Traditional university marketing degrees are too often failing to teach students practical concepts that reflect the marketing world of the 21st Century, argues MBA provider, Australian Institute of Business (AIB).
The organisation argues that traditional degrees still focuss on outdated theories such as the marketing P’s developed in the 1960s: Product, Price, Place, and Promotion.
The AIB plans to revolutionise its marketing program by throwing away traditional marketing textbooks and, with them, the concepts which are no longer relevant to contemporary marketing and business practice.

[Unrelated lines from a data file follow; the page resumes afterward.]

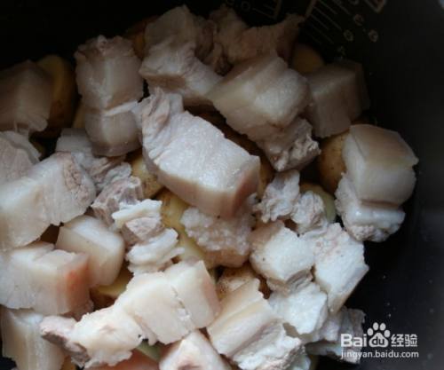 电饭锅底先铺上几片姜,然后铺上切块土豆,在土豆上铺上焯好的五花肉。
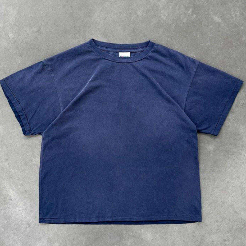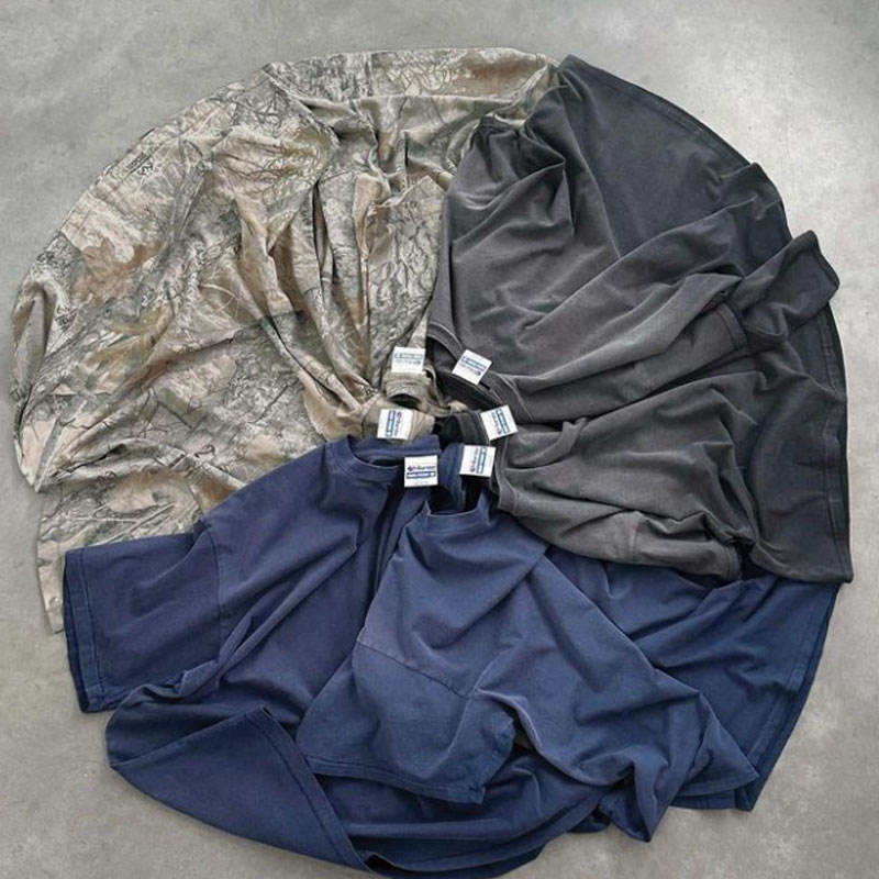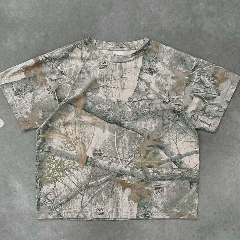 เสื้อยืดผ้าฝ้ายคอมบ็อกซี่โอเวอร์ไซส์ลายพรางพิมพ์ดิจิตอลลายพาดไหล่ตกพิมพ์ลายพรางสีพื้น
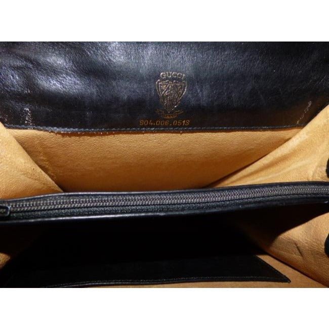 For sale is a vintage, AMAZING, early Gucci, RARE, black smooth leather, rectangular, envelope top with push and slide clasp, two-way style, cross body, handheld, or shoulder purse with a top handle and multiple compartments and pockets to keep you organized- a perfect travel bag! This amazing black, everyday purse will never go out of style and with all of the wallet type pockets, it would make it a great purse for travelling, too!

AIB students will learn the latest in customer experience and digital marketing while developing vital skills to manage marketing initiatives in the current business landscape.

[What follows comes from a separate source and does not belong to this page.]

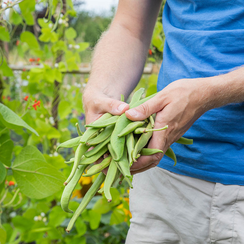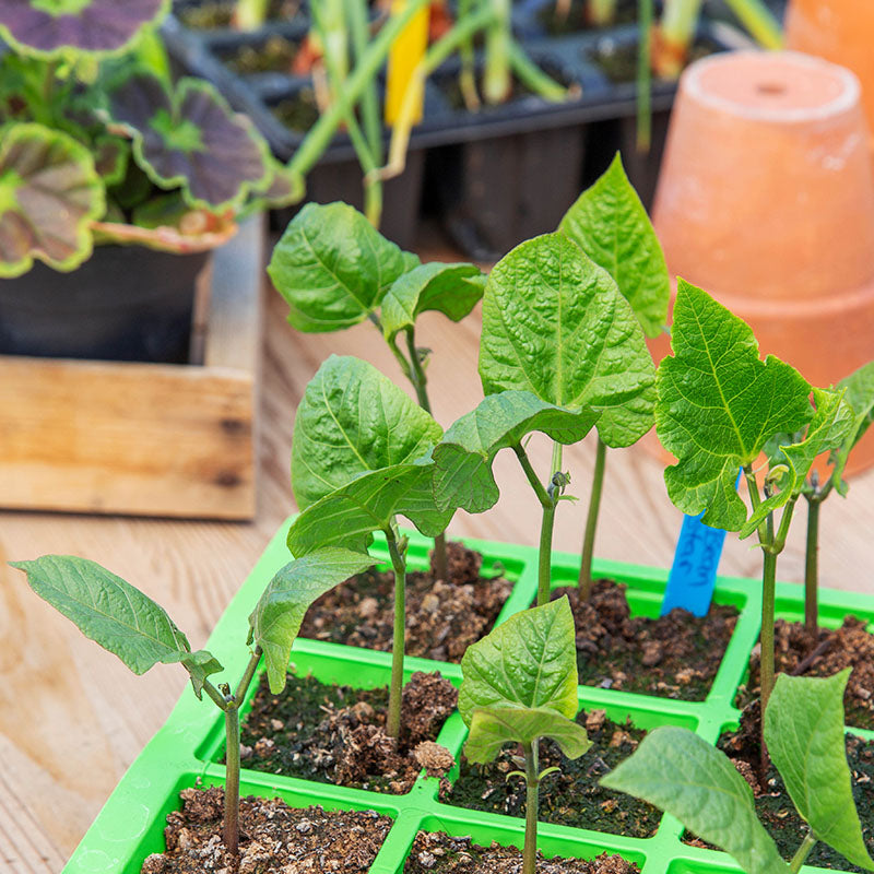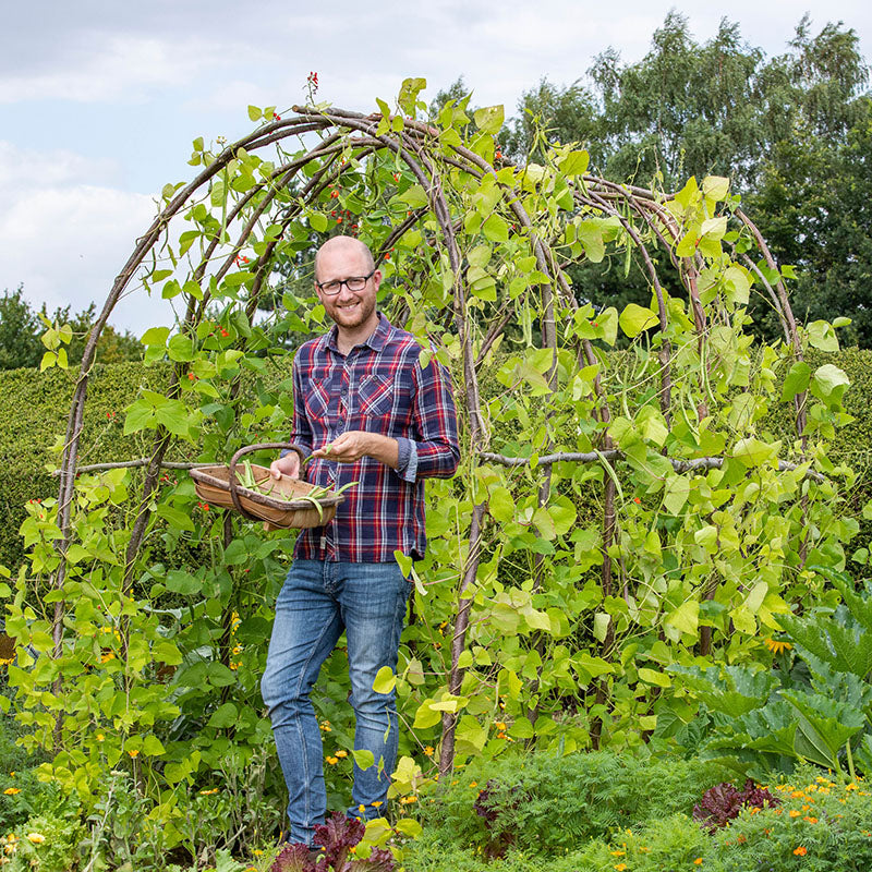 | Aftercare: When runner beans reach the top of the support, pinch out the top. This will encourage side shoots. Pick continuously to prolong cropping. |
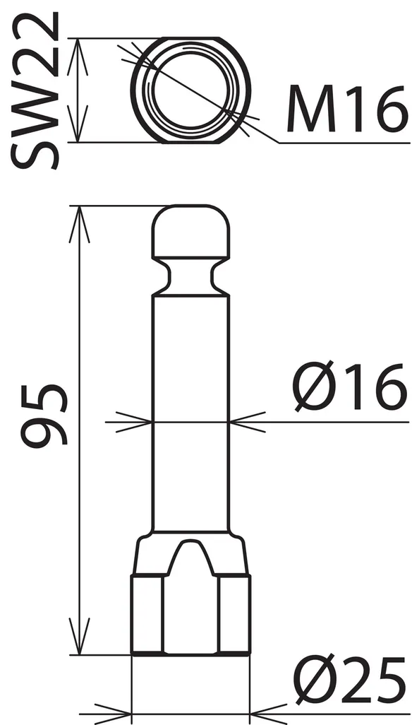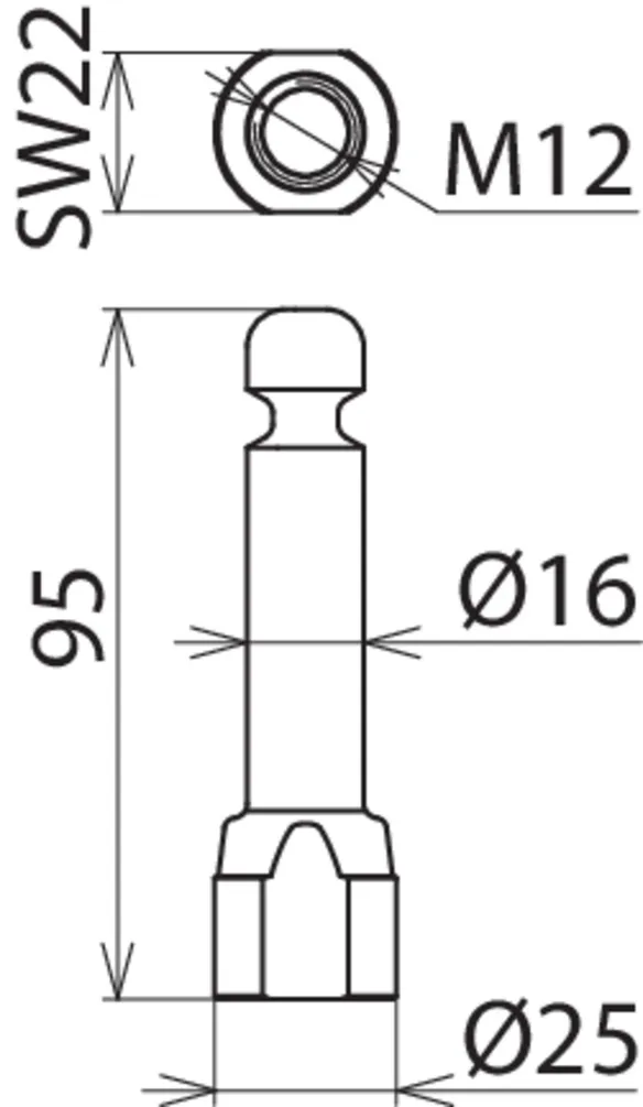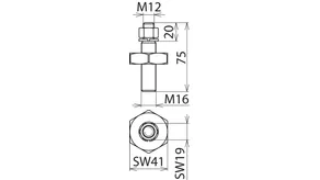 Anschlussstück zum Anschrauben, mit Gewindebolzenübergang M12 auf M16

Some of the theories still being taught by universities are almost 60 years old. It begs the question: if students of medicine and science aren’t taught such aged material, why are universities still teaching our future marketing experts these decade-old theories, especially when there is new research constantly being undertaken?
With social media, content streaming, and the creation and consumption of digital content at its peak, AIB recognises that with the online purchase behaviours of consumers, the digital age has revolutionised marketing, and students need to be taught as such.
AIB associate professor Karen Miller said, “Businesses’ need for marketing is still essential, but where that marketing is most effective has changed a lot. Everything in marketing textbooks, even 2019 editions, focuses on the lead up to a purchase and stops there, focusing purely on the notion of marketing being an exchange. But with the digital age, it has grown and evolved to be much more complex than that.”
AIB’s new MBA marketing curriculum takes into consideration the impact the digital world has on how marketing is delivered by including new subjects such as customer experience management, new product design, digital marketing and digital business start-up.
Dr Miller believed changing educator’s mindsets will allow the expansive and modern marketing curriculum, and students, to thrive.
“Teachers are often doing what has always been done, not adapting or changing curriculum to reflect industry practice, the digital age, and the whole marketing package. It’s not as simple as it sounds though, and that’s because marketing textbooks date so quickly. It certainly presents the opportunity for us to develop our own digital textbooks to teach with, in addition to the leading industry journals which AIB currently takes cues from,” continued Dr Miller.
Moving from Queensland to Adelaide to work at AIB, Dr Miller praised the private business school’s commitment as a higher education provider to deliver practical outcomes. “We want to be relevant, practical, and lead the way in preparing our students for the industry,” Dr Miller concluded.